BEGIN DATASET ENTRIES

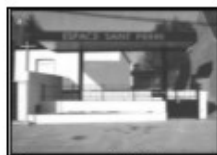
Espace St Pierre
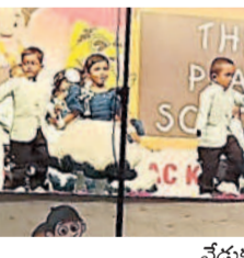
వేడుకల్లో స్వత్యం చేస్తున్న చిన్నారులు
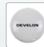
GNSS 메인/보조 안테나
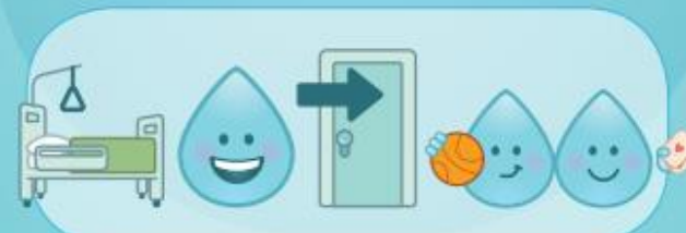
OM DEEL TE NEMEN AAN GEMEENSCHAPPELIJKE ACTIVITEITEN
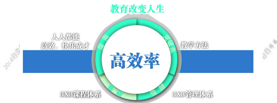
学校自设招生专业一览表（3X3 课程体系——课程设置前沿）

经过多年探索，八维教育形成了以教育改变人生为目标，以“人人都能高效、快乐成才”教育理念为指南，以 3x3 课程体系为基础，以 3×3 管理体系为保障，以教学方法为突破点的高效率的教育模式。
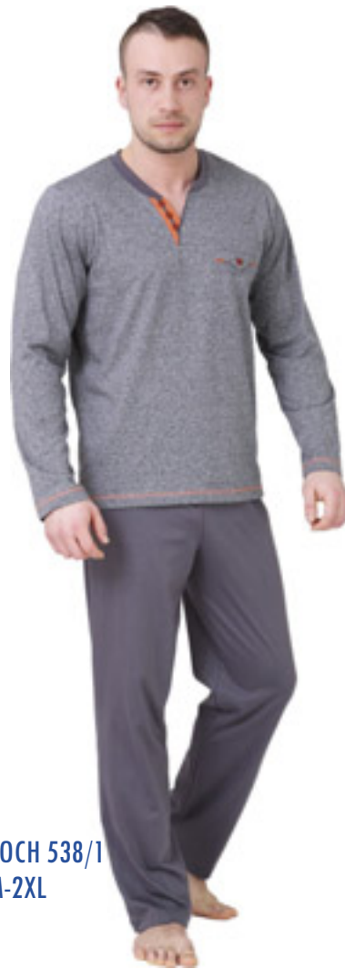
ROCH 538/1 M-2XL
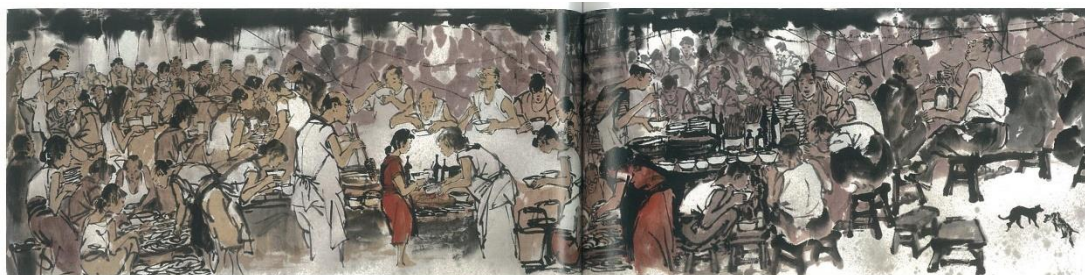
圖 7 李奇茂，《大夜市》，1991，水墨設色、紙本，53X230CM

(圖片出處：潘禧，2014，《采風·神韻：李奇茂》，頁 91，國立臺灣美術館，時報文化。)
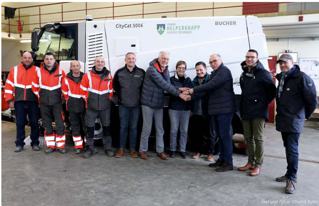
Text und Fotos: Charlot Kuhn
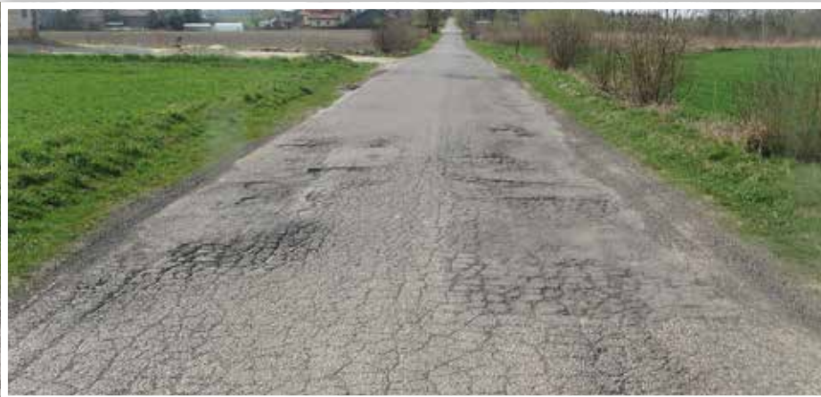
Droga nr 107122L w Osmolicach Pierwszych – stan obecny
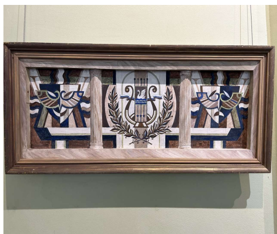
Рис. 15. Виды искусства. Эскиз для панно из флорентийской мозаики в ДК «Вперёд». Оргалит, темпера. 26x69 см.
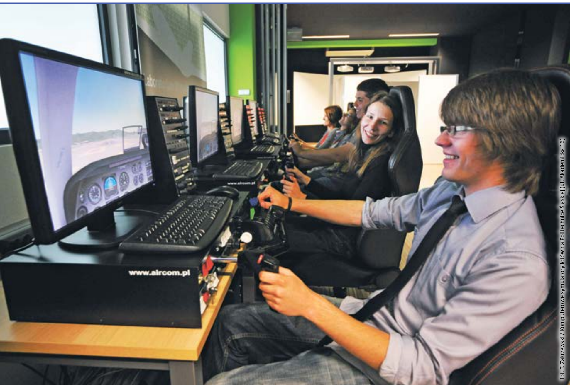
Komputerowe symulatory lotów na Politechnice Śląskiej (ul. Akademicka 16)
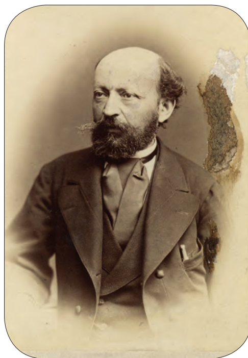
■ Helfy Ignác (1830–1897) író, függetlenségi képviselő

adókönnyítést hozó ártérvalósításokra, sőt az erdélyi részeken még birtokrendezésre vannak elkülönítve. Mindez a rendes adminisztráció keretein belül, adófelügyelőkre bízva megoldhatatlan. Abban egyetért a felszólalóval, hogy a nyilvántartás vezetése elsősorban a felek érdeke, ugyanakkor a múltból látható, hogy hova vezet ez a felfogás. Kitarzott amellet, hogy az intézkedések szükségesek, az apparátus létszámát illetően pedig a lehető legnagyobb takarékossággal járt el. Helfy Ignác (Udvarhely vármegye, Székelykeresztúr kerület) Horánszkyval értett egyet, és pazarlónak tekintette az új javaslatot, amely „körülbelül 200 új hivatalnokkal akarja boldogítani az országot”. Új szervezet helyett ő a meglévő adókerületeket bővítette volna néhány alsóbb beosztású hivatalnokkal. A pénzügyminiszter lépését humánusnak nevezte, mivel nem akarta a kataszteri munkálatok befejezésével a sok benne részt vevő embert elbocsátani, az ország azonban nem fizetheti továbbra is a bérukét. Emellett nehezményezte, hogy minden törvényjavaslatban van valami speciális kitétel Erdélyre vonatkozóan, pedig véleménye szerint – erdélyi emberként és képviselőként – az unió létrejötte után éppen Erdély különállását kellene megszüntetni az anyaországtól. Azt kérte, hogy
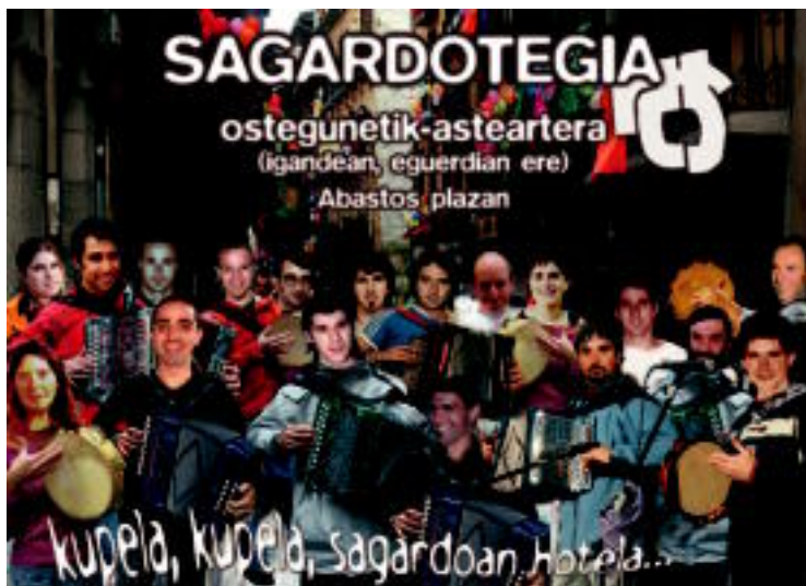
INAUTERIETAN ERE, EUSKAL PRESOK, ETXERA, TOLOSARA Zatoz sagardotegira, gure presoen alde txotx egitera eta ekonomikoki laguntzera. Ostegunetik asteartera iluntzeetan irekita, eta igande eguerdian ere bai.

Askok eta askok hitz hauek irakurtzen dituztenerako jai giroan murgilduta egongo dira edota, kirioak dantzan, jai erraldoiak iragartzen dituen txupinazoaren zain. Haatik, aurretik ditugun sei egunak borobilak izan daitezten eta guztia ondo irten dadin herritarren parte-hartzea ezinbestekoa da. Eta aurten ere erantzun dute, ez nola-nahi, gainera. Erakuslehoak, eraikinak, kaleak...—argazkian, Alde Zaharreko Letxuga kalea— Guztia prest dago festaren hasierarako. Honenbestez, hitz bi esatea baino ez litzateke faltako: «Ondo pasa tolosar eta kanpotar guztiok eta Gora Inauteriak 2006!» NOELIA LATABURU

END DATASET ENTRIES
BEGIN DATASET ENTRIES

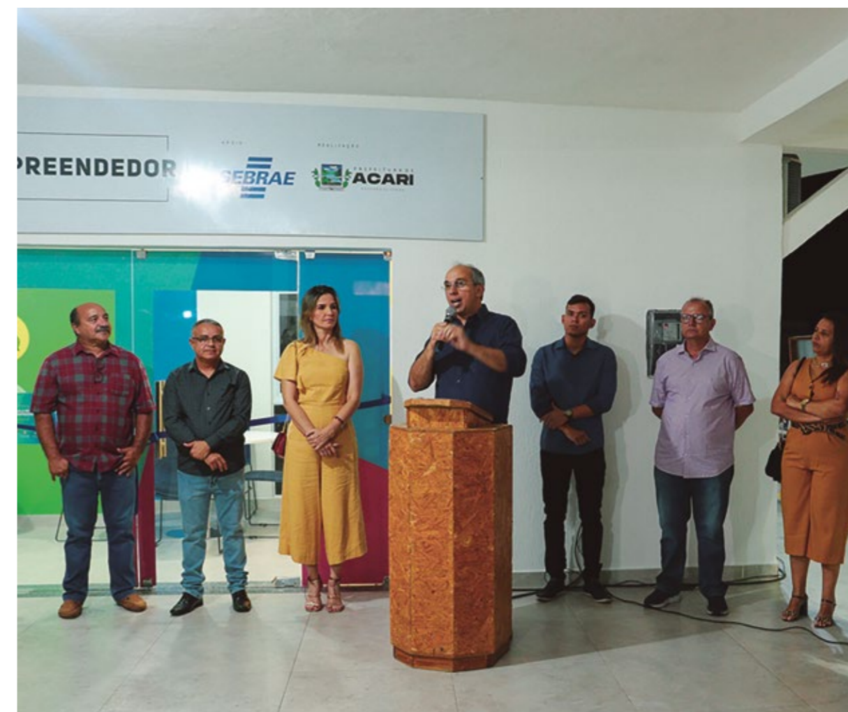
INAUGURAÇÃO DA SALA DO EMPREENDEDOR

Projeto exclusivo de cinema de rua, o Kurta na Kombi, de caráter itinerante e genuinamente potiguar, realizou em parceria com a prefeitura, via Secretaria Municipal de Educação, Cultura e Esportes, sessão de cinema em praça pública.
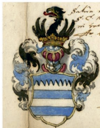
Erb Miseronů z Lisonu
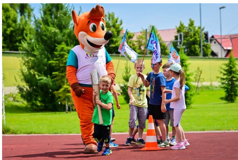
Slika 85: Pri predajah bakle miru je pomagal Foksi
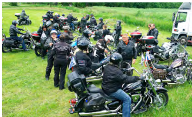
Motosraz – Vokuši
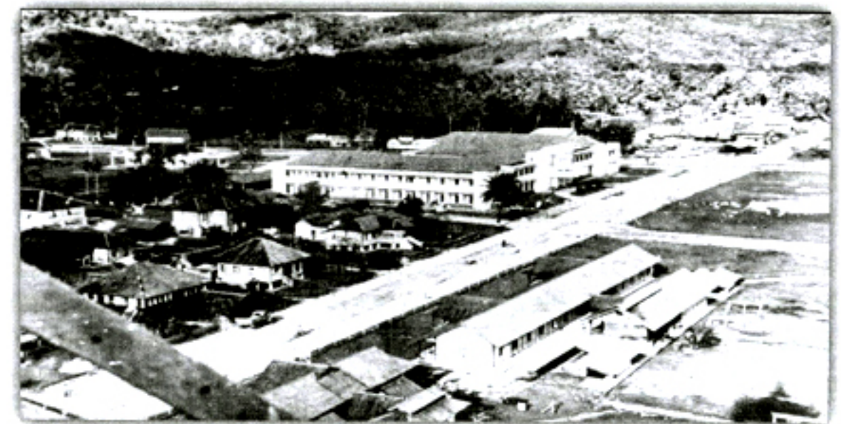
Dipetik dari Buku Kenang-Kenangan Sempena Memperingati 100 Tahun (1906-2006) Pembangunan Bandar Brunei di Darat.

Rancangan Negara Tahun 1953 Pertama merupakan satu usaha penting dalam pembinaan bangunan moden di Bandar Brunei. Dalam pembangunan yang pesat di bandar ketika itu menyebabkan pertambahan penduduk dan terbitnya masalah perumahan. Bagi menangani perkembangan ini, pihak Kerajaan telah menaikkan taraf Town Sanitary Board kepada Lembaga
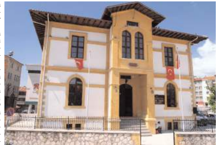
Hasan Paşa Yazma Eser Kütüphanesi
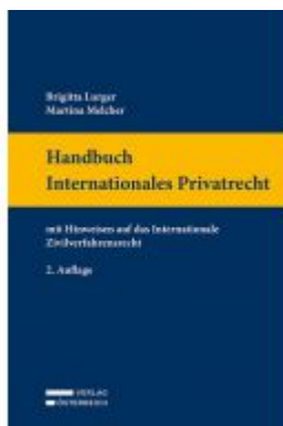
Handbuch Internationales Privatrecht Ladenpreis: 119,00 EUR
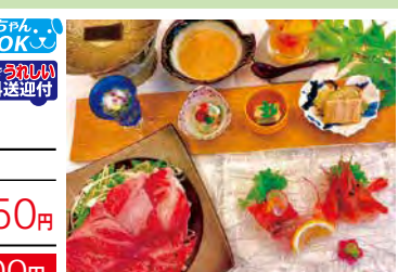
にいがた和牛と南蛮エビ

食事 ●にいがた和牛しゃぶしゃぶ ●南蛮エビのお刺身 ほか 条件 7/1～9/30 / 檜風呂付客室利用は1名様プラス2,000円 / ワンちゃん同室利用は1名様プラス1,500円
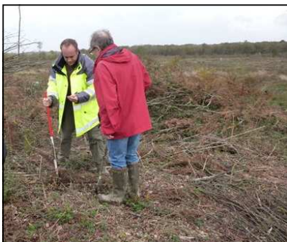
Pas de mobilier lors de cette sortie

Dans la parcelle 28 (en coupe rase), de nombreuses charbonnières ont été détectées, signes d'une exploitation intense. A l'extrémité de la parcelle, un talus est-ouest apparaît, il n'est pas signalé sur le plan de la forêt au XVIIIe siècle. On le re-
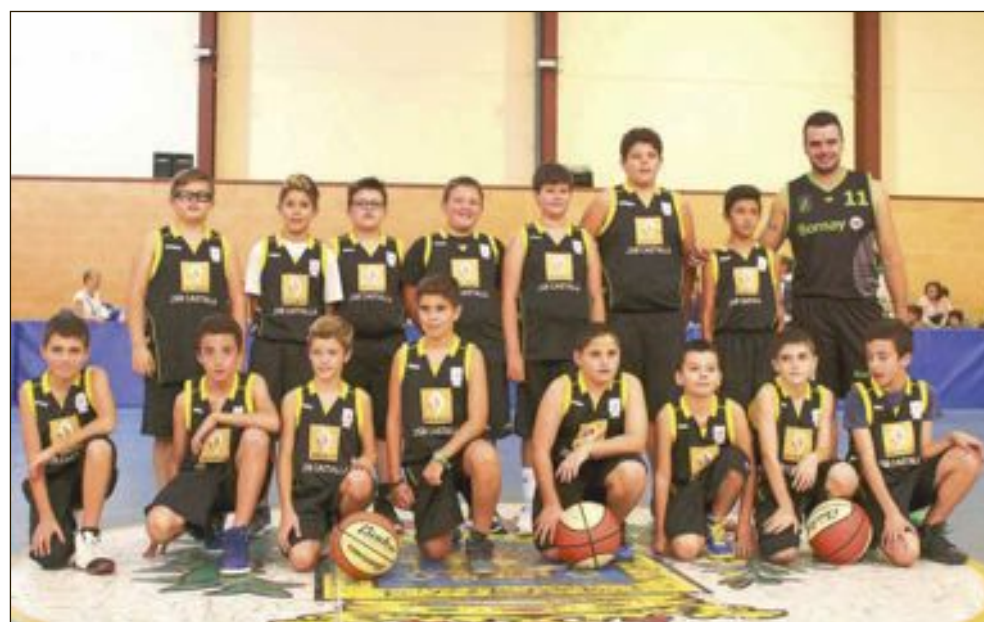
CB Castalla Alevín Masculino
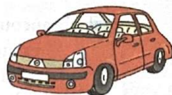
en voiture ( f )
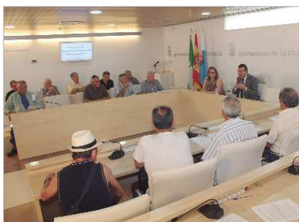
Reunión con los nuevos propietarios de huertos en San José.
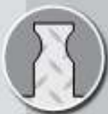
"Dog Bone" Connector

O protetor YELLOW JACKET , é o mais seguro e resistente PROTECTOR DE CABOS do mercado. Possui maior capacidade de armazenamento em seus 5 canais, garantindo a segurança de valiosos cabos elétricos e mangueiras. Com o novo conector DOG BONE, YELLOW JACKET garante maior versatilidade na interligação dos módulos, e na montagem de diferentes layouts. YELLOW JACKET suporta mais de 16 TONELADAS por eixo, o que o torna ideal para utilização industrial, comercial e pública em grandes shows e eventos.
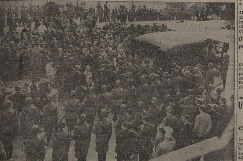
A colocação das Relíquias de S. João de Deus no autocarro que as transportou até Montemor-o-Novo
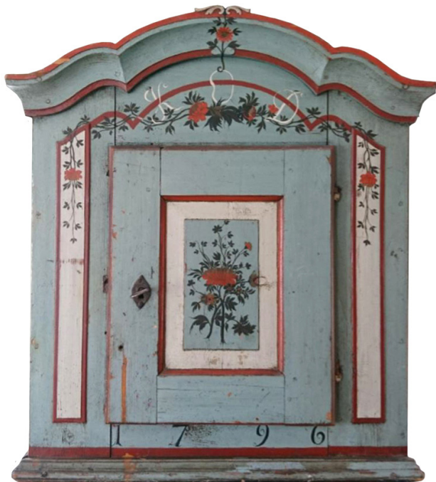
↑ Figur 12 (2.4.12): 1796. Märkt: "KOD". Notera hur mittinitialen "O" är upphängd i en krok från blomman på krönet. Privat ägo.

END DATASET ENTRIES
BEGIN DATASET ENTRIES

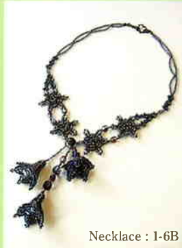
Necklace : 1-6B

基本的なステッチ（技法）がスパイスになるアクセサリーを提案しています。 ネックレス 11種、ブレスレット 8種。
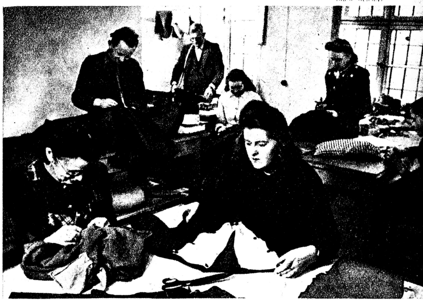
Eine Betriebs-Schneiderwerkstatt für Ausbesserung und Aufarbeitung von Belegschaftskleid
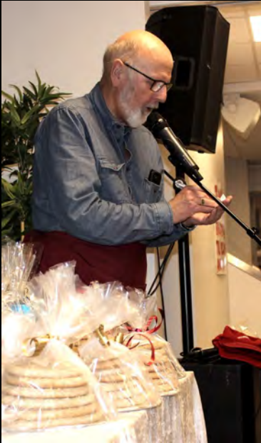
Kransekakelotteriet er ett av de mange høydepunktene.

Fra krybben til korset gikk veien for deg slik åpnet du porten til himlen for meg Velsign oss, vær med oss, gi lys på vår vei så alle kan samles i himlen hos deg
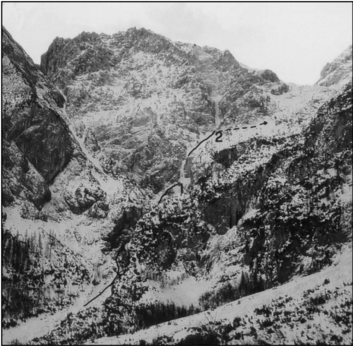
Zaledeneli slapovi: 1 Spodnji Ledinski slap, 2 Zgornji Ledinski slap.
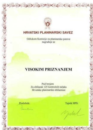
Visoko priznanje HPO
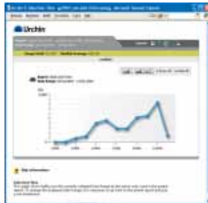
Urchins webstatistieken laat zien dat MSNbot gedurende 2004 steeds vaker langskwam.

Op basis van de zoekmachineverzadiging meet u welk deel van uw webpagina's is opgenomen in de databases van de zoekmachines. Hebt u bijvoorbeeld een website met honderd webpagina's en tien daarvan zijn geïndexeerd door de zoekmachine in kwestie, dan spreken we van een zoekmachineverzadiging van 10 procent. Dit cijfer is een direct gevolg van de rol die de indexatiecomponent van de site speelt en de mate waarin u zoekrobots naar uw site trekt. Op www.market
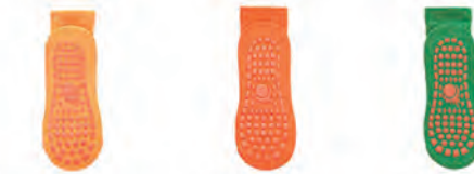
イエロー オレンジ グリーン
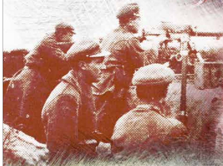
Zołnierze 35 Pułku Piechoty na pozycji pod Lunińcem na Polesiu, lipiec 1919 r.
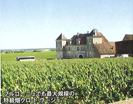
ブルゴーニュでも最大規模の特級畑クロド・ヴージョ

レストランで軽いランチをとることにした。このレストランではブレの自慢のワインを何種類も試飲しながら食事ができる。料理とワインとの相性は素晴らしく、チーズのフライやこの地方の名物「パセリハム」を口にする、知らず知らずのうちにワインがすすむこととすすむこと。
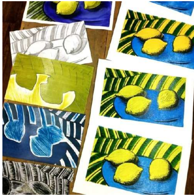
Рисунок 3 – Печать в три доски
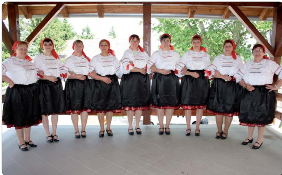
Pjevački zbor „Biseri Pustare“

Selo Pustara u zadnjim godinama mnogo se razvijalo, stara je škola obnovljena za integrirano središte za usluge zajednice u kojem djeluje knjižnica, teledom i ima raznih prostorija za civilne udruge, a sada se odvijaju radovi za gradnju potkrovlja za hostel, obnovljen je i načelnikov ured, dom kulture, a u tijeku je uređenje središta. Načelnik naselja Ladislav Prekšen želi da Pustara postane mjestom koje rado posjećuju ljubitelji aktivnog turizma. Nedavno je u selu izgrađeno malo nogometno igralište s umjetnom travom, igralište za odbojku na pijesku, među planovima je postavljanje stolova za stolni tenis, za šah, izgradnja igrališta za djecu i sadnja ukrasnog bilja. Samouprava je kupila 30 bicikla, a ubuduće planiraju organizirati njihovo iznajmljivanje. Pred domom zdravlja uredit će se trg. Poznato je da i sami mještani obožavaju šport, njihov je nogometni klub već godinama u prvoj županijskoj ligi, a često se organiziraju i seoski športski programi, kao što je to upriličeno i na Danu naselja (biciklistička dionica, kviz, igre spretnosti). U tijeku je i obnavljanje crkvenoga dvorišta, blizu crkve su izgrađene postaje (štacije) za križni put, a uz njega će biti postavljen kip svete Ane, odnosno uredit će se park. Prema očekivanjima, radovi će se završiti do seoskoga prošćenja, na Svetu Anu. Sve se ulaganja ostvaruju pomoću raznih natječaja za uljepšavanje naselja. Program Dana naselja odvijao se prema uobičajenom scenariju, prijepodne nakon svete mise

END DATASET ENTRIES

◆ THE PROBLEM: Given the records above, return the lines starting at the one that holds "GNSS 메인/보조 안테나" and ending at the one that holds "Droga nr 107122L", exactly, and nothing besides; leave every picture out.

◆ OUTPUT FOR THIS TASK:
GNSS 메인/보조 안테나
OM DEEL TE NEMEN AAN GEMEENSCHAPPELIJKE ACTIVITEITEN
学校自设招生专业一览表（3X3 课程体系——课程设置前沿）

经过多年探索，八维教育形成了以教育改变人生为目标，以“人人都能高效、快乐成才”教育理念为指南，以 3x3 课程体系为基础，以 3×3 管理体系为保障，以教学方法为突破点的高效率的教育模式。
ROCH 538/1 M-2XL
圖 7 李奇茂，《大夜市》，1991，水墨設色、紙本，53X230CM

(圖片出處：潘禧，2014，《采風·神韻：李奇茂》，頁 91，國立臺灣美術館，時報文化。)
Text und Fotos: Charlot Kuhn
Droga nr 107122L w Osmolicach Pierwszych – stan obecny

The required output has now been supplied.